DIRECTIONS - Take the entries below and reproduce exactly the portion that begins at the line containing "純正ハンドルと社外アルミハンドルバーに対応。" and ends at the line containing "BOOST AND CLEAN SCOOTER", keeping both ends, dropping pictures, and adding nothing else.

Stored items
════
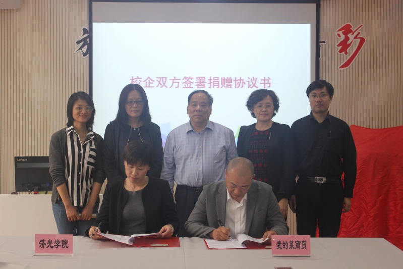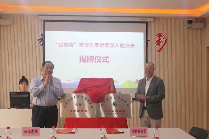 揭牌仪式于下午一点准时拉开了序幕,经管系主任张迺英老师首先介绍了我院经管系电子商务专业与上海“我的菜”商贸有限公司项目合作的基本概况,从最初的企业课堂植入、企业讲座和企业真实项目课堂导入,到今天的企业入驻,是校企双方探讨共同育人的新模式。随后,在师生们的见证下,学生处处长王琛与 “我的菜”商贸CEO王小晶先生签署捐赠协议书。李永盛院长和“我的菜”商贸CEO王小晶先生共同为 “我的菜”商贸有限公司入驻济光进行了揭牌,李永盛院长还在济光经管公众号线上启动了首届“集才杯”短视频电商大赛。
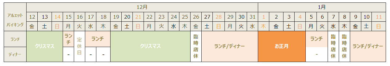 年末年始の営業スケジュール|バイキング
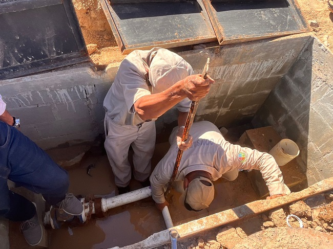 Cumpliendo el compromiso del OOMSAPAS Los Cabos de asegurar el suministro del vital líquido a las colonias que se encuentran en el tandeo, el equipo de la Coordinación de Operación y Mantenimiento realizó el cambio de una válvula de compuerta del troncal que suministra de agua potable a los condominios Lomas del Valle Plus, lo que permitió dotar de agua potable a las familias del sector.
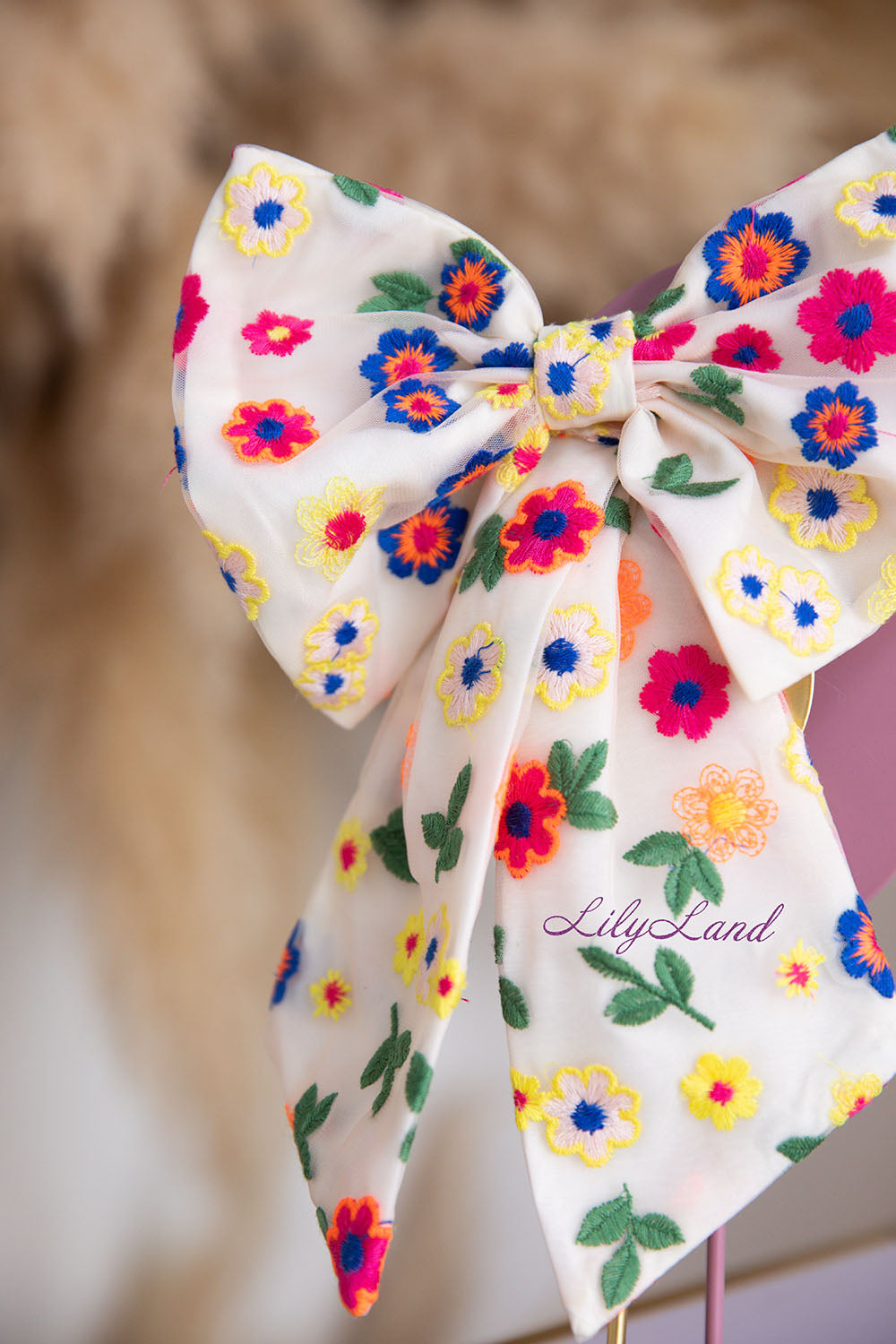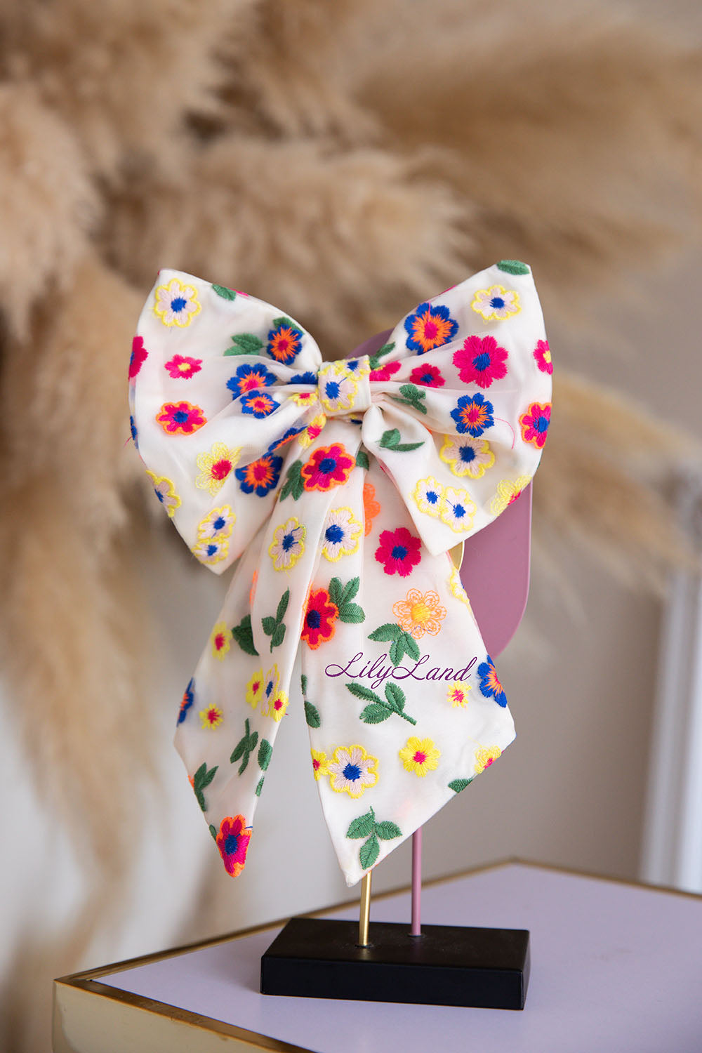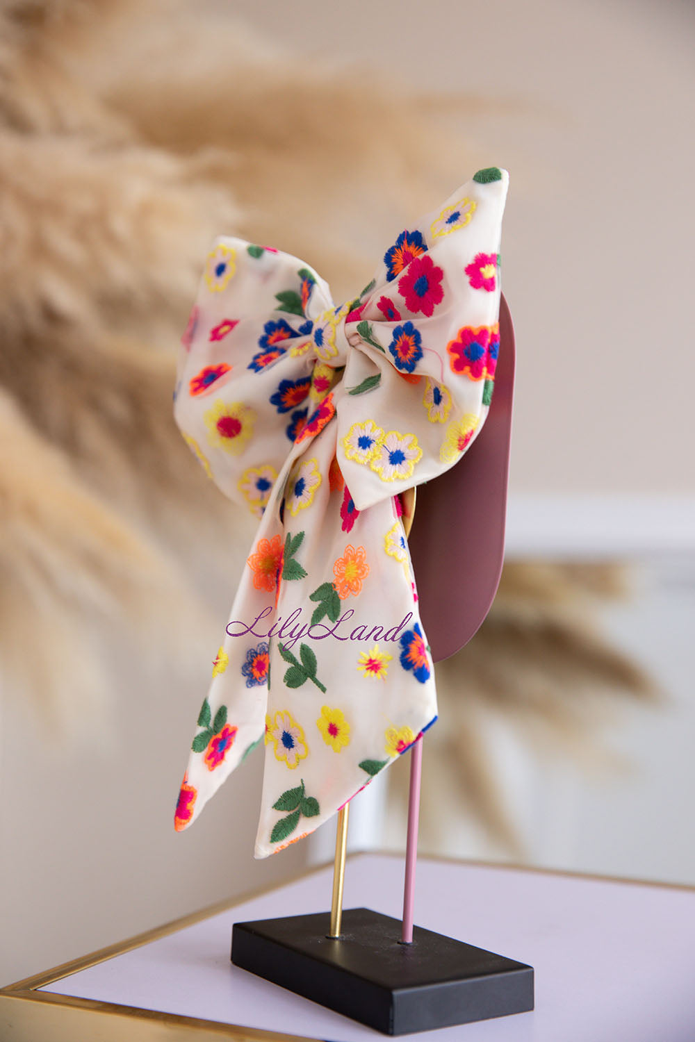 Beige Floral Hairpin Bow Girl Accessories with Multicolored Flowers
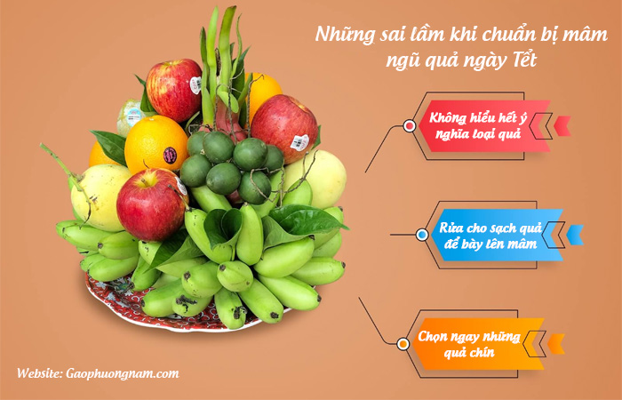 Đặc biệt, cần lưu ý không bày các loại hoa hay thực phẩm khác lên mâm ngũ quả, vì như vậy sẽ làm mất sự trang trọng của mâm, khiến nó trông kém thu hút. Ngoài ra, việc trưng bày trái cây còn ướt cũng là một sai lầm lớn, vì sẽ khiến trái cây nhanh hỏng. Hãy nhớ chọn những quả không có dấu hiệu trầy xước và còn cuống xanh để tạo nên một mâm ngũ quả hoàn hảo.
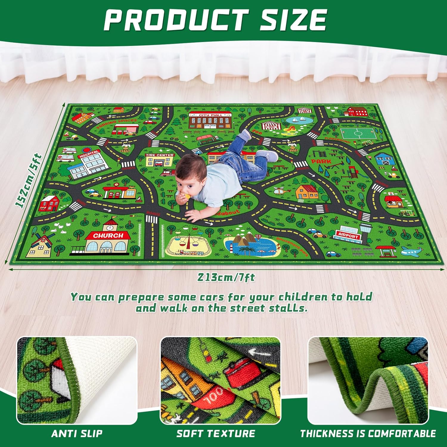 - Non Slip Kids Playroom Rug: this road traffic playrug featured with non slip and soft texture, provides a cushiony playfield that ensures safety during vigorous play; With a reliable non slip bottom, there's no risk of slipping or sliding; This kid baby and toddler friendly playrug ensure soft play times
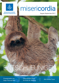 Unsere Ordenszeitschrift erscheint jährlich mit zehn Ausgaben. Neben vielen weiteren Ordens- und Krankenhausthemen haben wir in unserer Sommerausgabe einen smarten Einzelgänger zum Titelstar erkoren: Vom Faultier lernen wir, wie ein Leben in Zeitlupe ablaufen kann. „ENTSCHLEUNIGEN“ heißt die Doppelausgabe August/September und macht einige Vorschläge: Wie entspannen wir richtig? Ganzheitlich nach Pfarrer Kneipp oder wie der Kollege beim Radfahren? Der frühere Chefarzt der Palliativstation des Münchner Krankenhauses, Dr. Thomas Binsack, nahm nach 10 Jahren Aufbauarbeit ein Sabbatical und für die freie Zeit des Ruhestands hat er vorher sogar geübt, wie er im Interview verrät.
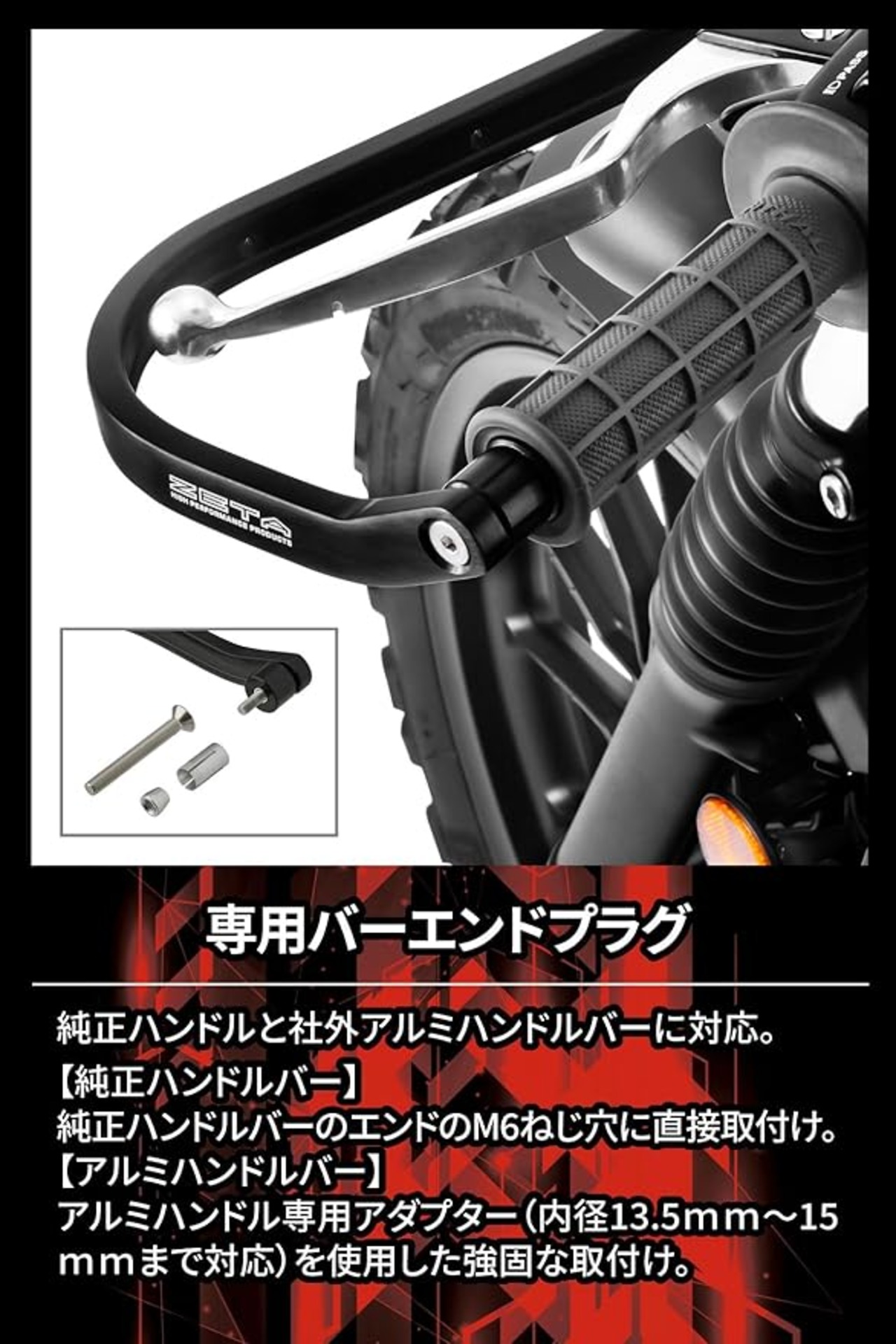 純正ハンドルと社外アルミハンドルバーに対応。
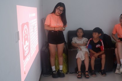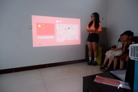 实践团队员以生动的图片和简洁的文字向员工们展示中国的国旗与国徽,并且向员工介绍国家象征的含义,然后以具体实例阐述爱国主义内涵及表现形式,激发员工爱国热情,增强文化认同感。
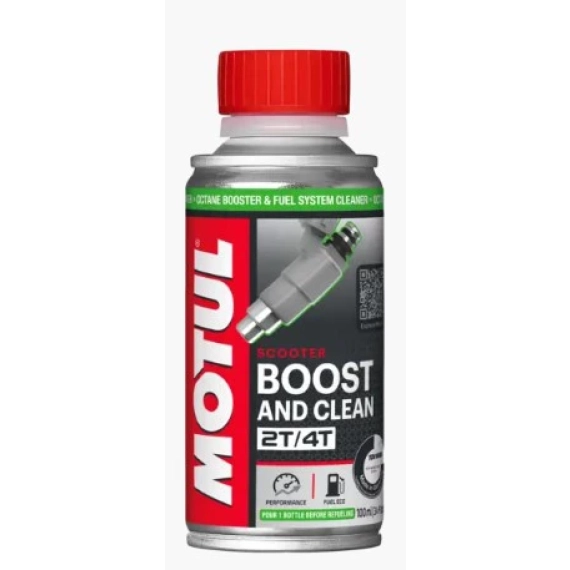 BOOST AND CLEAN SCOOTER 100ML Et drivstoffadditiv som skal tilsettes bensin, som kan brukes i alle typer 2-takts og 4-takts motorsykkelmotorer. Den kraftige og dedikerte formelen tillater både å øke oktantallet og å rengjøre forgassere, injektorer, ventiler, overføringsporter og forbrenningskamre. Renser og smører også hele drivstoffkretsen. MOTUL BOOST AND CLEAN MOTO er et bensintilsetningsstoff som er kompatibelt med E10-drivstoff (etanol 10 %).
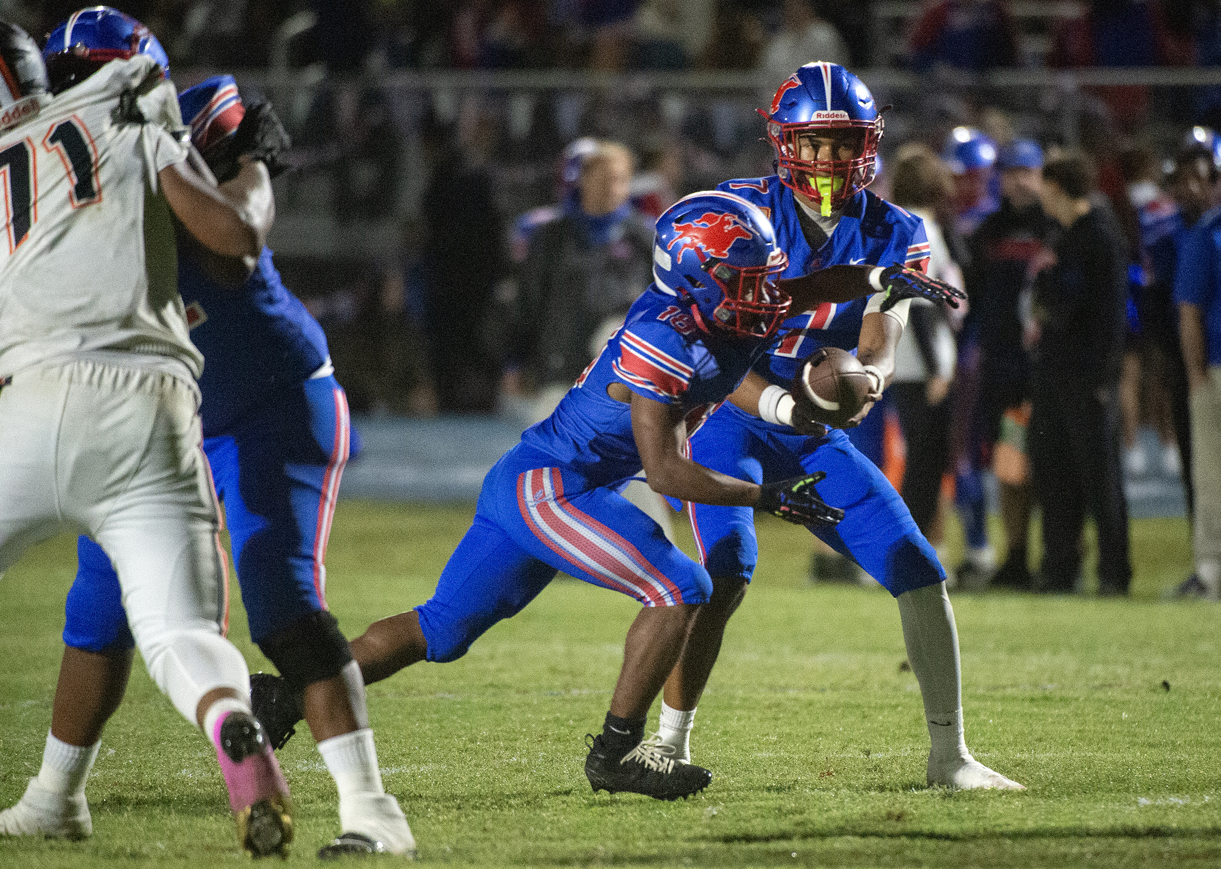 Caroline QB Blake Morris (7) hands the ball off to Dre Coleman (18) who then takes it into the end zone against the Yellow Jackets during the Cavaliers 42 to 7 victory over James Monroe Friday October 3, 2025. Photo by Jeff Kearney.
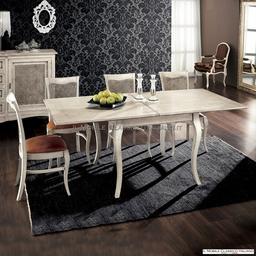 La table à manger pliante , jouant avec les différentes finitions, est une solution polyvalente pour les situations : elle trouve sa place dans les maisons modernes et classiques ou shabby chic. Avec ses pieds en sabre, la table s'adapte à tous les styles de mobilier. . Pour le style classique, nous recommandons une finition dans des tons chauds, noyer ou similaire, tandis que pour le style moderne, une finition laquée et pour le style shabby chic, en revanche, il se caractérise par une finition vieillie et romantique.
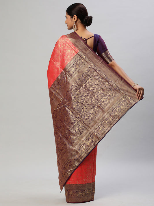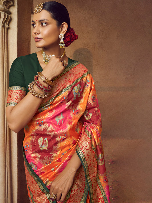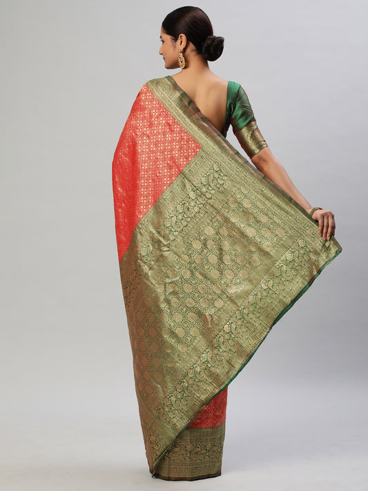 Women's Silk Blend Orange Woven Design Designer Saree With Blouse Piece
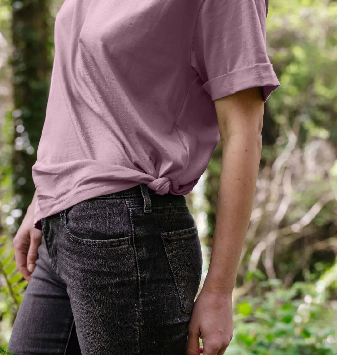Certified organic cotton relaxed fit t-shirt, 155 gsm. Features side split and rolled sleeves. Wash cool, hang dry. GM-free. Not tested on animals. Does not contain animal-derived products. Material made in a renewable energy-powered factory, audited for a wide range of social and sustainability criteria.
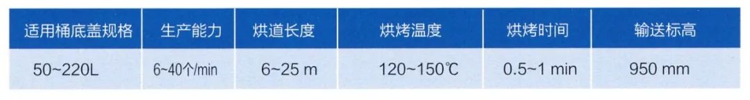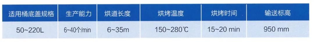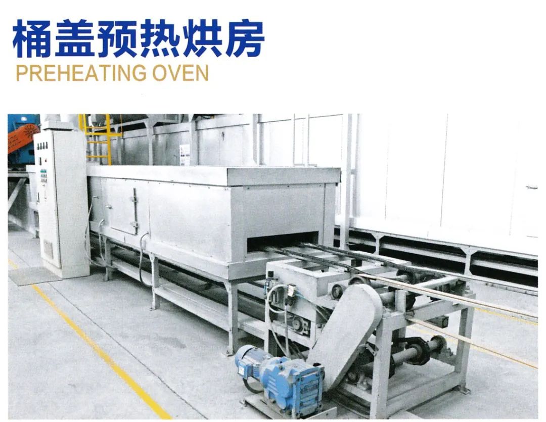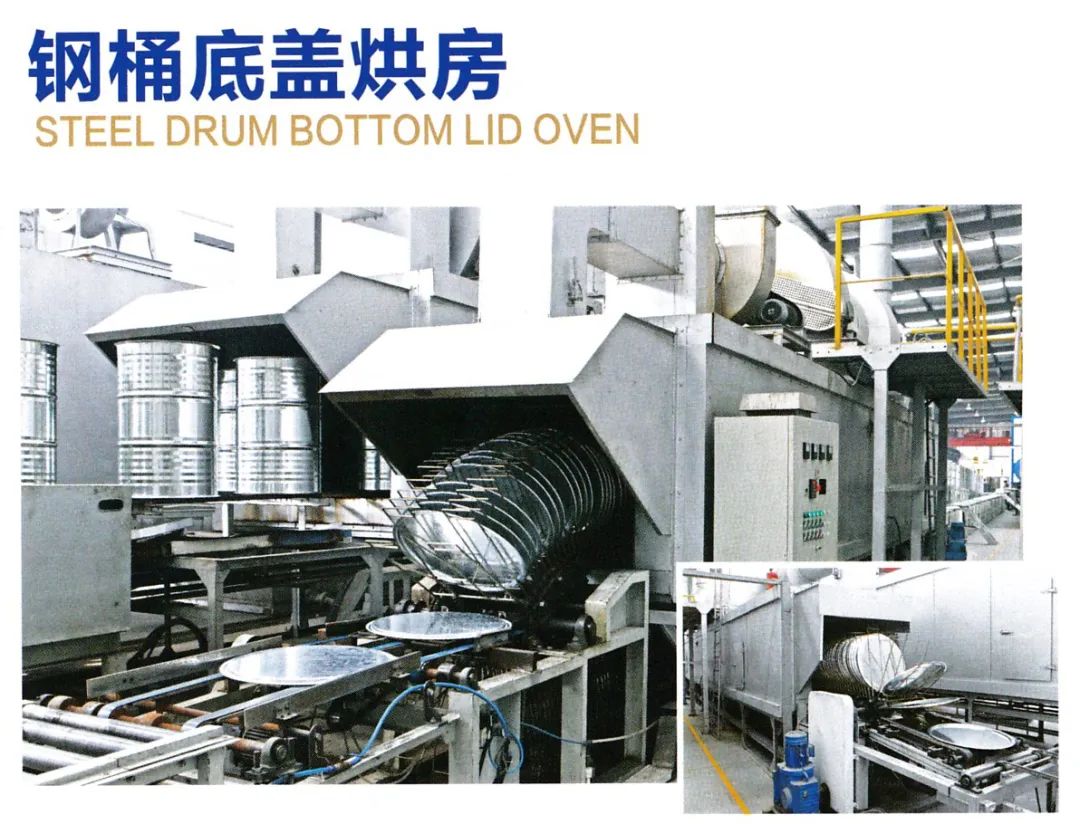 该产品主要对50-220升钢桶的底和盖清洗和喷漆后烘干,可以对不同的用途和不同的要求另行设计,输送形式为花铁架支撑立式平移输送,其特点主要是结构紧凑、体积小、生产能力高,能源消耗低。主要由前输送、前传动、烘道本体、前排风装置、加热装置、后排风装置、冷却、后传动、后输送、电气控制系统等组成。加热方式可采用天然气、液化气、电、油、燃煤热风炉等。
════
RESPONSE -
 純正ハンドルと社外アルミハンドルバーに対応。
 实践团队员以生动的图片和简洁的文字向员工们展示中国的国旗与国徽,并且向员工介绍国家象征的含义,然后以具体实例阐述爱国主义内涵及表现形式,激发员工爱国热情,增强文化认同感。
 BOOST AND CLEAN SCOOTER 100ML Et drivstoffadditiv som skal tilsettes bensin, som kan brukes i alle typer 2-takts og 4-takts motorsykkelmotorer. Den kraftige og dedikerte formelen tillater både å øke oktantallet og å rengjøre forgassere, injektorer, ventiler, overføringsporter og forbrenningskamre. Renser og smører også hele drivstoffkretsen. MOTUL BOOST AND CLEAN MOTO er et bensintilsetningsstoff som er kompatibelt med E10-drivstoff (etanol 10 %).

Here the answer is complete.